Présentation de l'éditeur :
Purgatoire raconte l’histoire d’Emilia Dupuy, dont la vie s’est brisée un jour de juillet 1977, près de la ville de Tucumán, dans le nord de l’Argentine. Avec son mari Simon, cartographe comme elle, ils étaient partis en mission dans cette région lointaine pour parachever la carte d’une route internationale à la demande de l’Automobile Club de Buenos Aires. C’est alors qu’ils sont arrêtés par les militaires en raison de leurs activités « suspectes », ils détiennent en effet, pour leur travail, des cartes topographiques de toute la zone. Après avoir été détenue et torturée, Emilia est libérée par les autorités grâce à l’intervention de son père, le Docteur Dupuy, l’un des intellectuels du régime, dont les idées guident l’action de la dictature. Emilia rentre à Buenos Aires où elle pense retrouver Simon. Mais Simon ne rentrera jamais. Le calvaire d’Emilia s’étend sur plus de trente ans. Elle part chercher son mari à Rio où un témoin dit l’avoir vu ; elle parcourt les bidonvilles de Caracas et de Mexico où elle croit pouvoir retrouver sa trace. Elle n’accepte pas les conclusions de l’enquête menée par des ONG après la chute de la dictature ni les déclarations de plusieurs soldats qui ont vu le cadavre de Simon dans le patio d’une caserne. Emilia pense que son mari est toujours en vie car elle « sent » sa présence. Qui plus est, vers la fin de sa vie, elle le voit enfin et le retrouve mais comme dans un rêve, ou est-ce la projection de son esprit dérangé ? Car Emilia vit avec les démons du passé : la culpabilité d’un père qu’elle refuse de s’avouer (ce bras droit des militaires n’a eu aucun mal à faire « disparaître » son gendre, jugé « subversif »), et les cauchemars d’une époque effroyable qu’elle a vécue comme un zombi, assommée par la violence psychologique exercée par sa famille et par la société tout entière.

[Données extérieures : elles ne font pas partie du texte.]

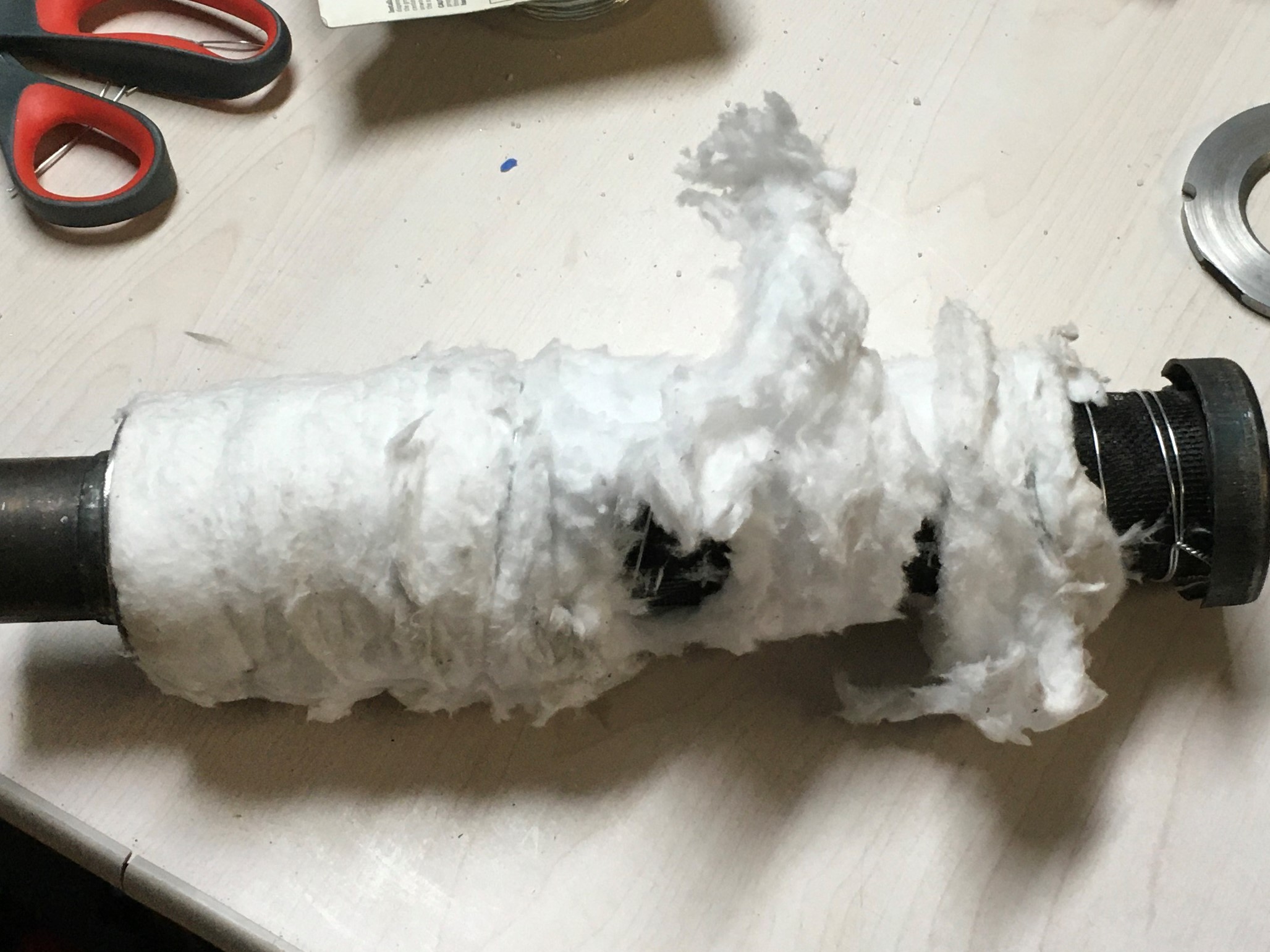 Now continue filling the area between the core and the muffler shell.  Just tear off small pieces of packing material and push them through the opening.  Be sure to evenly distribute the wool packing around the core so that the core remains centralized in the muffler.  You end up with this.

Tomás Eloy Martínez, l’un des intellectuels argentins qui a dénoncé avec le plus de force et d’indignation les crimes de la dictature militaire de son pays, nous raconte cette histoire d’amour et d’obsession dans deux cadres temporels alternés : celui de la dictature et, trente ans plus tard, celui des derniers jours d’Emilia, devenue bibliothécaire dans une petite ville du New Jersey. La narration passe d’un contexte à l’autre, d’une époque à l’autre, et nous offre, à la fois, une fresque historique des années noires de l’Argentine et le portrait intime d’une femme seule, déséquilibrée et hantée par son passé.

 
Mon sentiment au sujet de ce roman :
La lecture de ce roman m'a pris un temps infini. Pourtant, il est sublime, magnifiquement écrit. Mais aussi terrible.
Alors j'y suis allée à doses homéopathiques. Pour pouvoir digérer. Mais même comme ça, c'est difficile.
Surtout si l'on se réfère à la tragique actualité, dans les pays d'Amérique Latine, qui démontre que cette folie-là, celle des hommes, que l'on espérait d'un passé révolu, ne s'arrêtera jamais (lire ici).
Car, au delà de cette belle histoire d'amour, c'est bien de cela dont il s'agit : la corruption, le totalitarisme, le peuple malmené, impuissant. L'horreur. Et après ça les séquelles, impossible à panser.
C'est un roman que je vous conseille vraiment, dans la lignée de "D'amour et d'ombre", d'Isabel Allende, mais aussi "Prières nocturnes", de Santiago Gamboa, tous dénonciateurs d'un système politique véreux et corrompu jusqu'à la moelle.
 

Morceaux choisis :
"Un simple frôlement des doigts, et elle avait éprouvé de la chaleur, de la plénitude, du bonheur, la sensation d'avoir déjà vécu souvent ce qu'en réalité elle vivait pour la première fois. Dans ce corps inconnu se trouvait la carte de sa vie, la représentation de l'univers telle quelle l'avait lue dans une encyclopédie taoïste datant de deux siècles avant Jésus-Christ : "Sa tête ronde est la voûte céleste, ses pieds délicats sont l'image de la Terre, ses cheveux sont les étoiles, ses yeux le Soleil et la Lune, ses sourcils la Grande Ourse, son nez ressemble à une montagne, ses quatre membres sont les quatre saisons, ses cinq viscères les cinq éléments."
"Quels sont les traits caractéristiques d'un individu? Pas la musique ou le contenu de ses paroles ni les lignes de son corps, rien qui soit directement visible. Plus d'une fois elle s'était trompée, suivant dans la rue des hommes qui marchaient comme Simon, ou qui laissaient derrière eux un sillage de parfum lui évoquant sa nuque, et quand elle les regardait en face elle était désespérée. Pourquoi n'y a-t-il pas deux personnes semblables ?"
"Seules les feuilles des noyers témoignaient d'une certaine imagination et tombaient irrégulièrement en automne".
"Le paysage change au fil des saisons, disait l'écrivain, mais la fenêtre dans laquelle se découpe le paysage est toujours la même".
"Les choses qui n'existent pas sont beaucoup plus nombreuses que celles qui parviennent à exister. Ce qui n'existera pas est infini. Les graines qui n'ont trouvé ni leur terre ni leur eau et qui ne sont pas transformées en plantes, les êtres qui ne sont pas nés, les personnages qui n'ont pas été écrits. (...) On écrit des romans dans cette intention : pour réparer dans le monde l'absence perpétuelle de ce qui n'a jamais existé."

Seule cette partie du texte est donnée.